In order to measure the latency of the system, I first modified the code of the GazeStream software so that it would output extra LSL markers. By doing this I was able to determine when the 'eye camera' (the first stage of computation) first began its loop and when the 'scene camera' (the last stage) finished.

In order to synchronize the streams, a very similar procedure to that outlined here was used. As in that experiment, a photo-transistor (run through a BioSemi amplifier) was used to measure the brightness of a screen whose color oscillates between black and white every second. The scene camera itself was used as a video to synchronize with this signal. Since we record both the timestamps of the eye camera as well as those of the scene camera, we can verify that there is synchrony between the two parts of the eyetracking system.

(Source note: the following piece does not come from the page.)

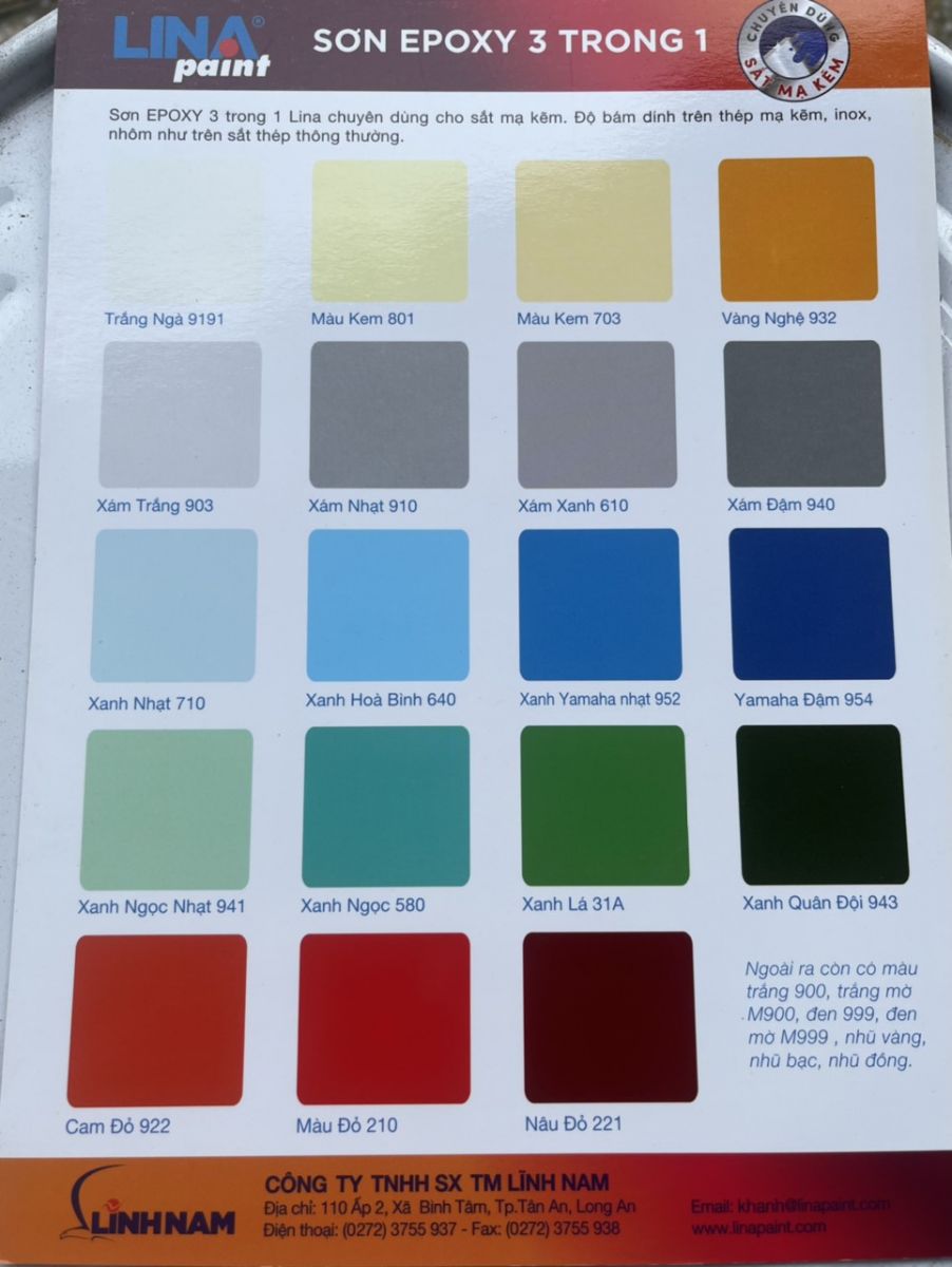 – Màu sắc của sơn kẽm Lina thì theo bảng màu của sơn Lina và có thể pha màu theo yêu cầu khi có mã màu cụ thể.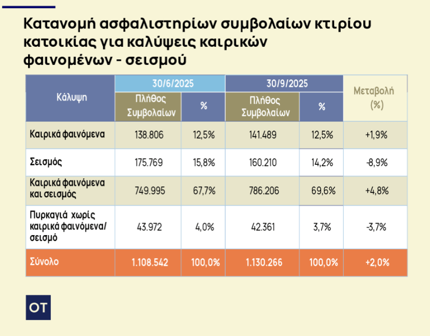 Ιδιαίτερη δυναμική παρουσιάζουν οι ασφαλίσεις κατοικιών που καλύπτουν κινδύνους από καιρικά φαινόμενα και σεισμό, οι οποίες εμπίπτουν στις προϋποθέσεις για την έκπτωση του ΕΝΦΙΑ. Οι συγκεκριμένες καλύψεις αυξήθηκαν κατά 4,8% σε σχέση με την προηγούμενη έρευνα, ανεβάζοντας τη συμμετοχή τους στο σύνολο των ασφαλιστηρίων με κάλυψη κτιρίου στο 69,6%, από 67,7% τον Ιούνιο του 2025.

Furthermore, since we have timestamps for the beginning and end of the entire life cycle of one iteration of the eyetracking system's analyses, we can measure the length of time this computation actually occupies.

The video, BioSemi voltage, and time stamp information was analyzed with this code which depends on first analyzing the video captured by GazeStream.exe in its scene camera mode. This can be done with this code. This depends on the matlab toolbox mmread as well as a plotting function. For more information on this analysis procedure, I refer you again to Matthew's synchronization report

As in that report, this code was used to generate screen flashes. You will need PsychoPhysicsToolbox in your Matlab path if you wish to replicate this experiment.

Results

First we verify the latency from the start to the end of the eyetracking computation cycle. We can compute the difference between start and end times of both the eye camera loop as well as the scene camera loop, and (most importantly) the end of the scene camera loop minus the start of the eye camera loop. We see that our hopes are fulfilled and that it indeed takes comfortably less than 33.33ms to crunch a frame of camera data into eye position output.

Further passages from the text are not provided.